Atomised
By Michel Houellebecq, 1998
Translated from the French by Frank Wynne.
On the surface, this is a novel about the breakdown of group ties in modern society—atomisation and anomie. The unifying theme is that sexual competition leads to human misery and loneliness. Sex and death. The vast, sweeping scope of the novel towards a vision of post-humanism and immortality is really a bookend structure, outlined in the prologue and epilogue.
Everything else is a chronicle of the bored and frustrated existence of two brothers, Michel and Bruno, whose experience of existence in the late 20th century is used by Houellebecq to form a larger critique of society. Houellebecq’s first novel Whatever was a confessional type journey into the bleak psychology of an individual akin to Notes from Underground. This, his second novel, takes the lives of these individuals and uses them to represent the whole of Western Society. Houellebecq lets his characters bob like jellyfish floating in the flotsam and jetsam of late 20th century social trends, then performs a bleak examination of their reality, looking for the possibility of free will.
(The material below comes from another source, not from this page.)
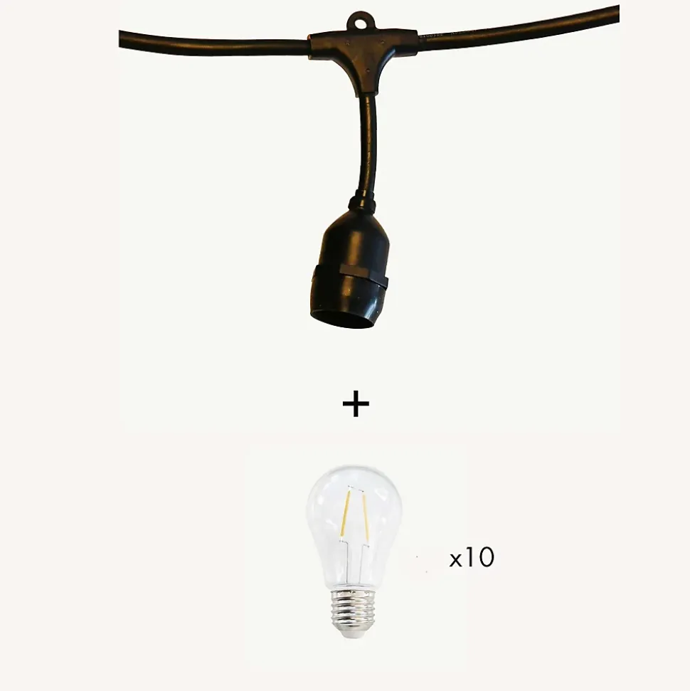 Créez une ambiance digne des bals Ménilmontant et apportez une touche festive à vos extérieurs avec ce kit de guirlande guinguette composé d’une guirlande Java de 5m, 10 douilles et de 10 ampoules E27 blanc chaud à filaments ! Indémodable ! Qualité professionnelle !• Type de douilles : E27• Nb d’ampoules : 10 ampoules forme A60• Couleur LED : Blanc chaud à filaments• Dimensions : L5m• Couleur du câble : Noir• Prolongeable : jusqu’à 100m• Usage : Intérieur/Extérieur IP44• Alimentation : Sur secteur, inclue• Puissance : 20W• Tension : 230V• Matière : Caoutchouc• Qualité professionnelle• Garantie : 2 ansUsage & installation : Son indice IP44 vous garantit une utilisation extérieure quelque soit la météo tout au long de l’année. Créez un plafond ou redessinez une pergola comme un vrai décorateur. Elle peut servir de décoration sur une terrasse, votre balcon ou bien dans un bar, un restaurant ou un camping.Données techniques & dimensions : Ce kit est composé de la guirlande 551069 et de 2 lots d’ampoules 551078 soit 10 blanc chaud à filaments, douille E27 forme A60. C’est à vous d’assembler les ampoules. Sa puissance est de 20W. La guirlande mesure 5m, elle est prolongeable jusqu’à 100m. Elle est vendue avec des ampoules. Son câble est noir. Chaque douille est équipée d’un joint d’étanchéité et supporte 15W.Source lumineuse :Chaque douille supporte 15W max. L’ampoule E27 est fabriquée en polycarbonate, elle est donc incassable. Les LED sont à faible consommation d’énergie. Les ampoules hautes luminosité vous garantissent un éclairage optimal pour vos soirées d’été.

Comte, the founder of sociology, who argued that society was a real object but the individual was a fiction is referenced multiple times. So is Aldous Huxley, who, the characters argue, in Brave New World was the first to understand that society is driven by biology not just physics.
The novel is famous for being a bleak, pessimistic takedown of Western society, but it’s difficult not to notice a kind of weird, satirical delight in the bleakness. Despite the completeness of despair, loneliness and general failure of humanity outlined here, looking at it as pessimism presupposes taking Houellebecq wholly seriously.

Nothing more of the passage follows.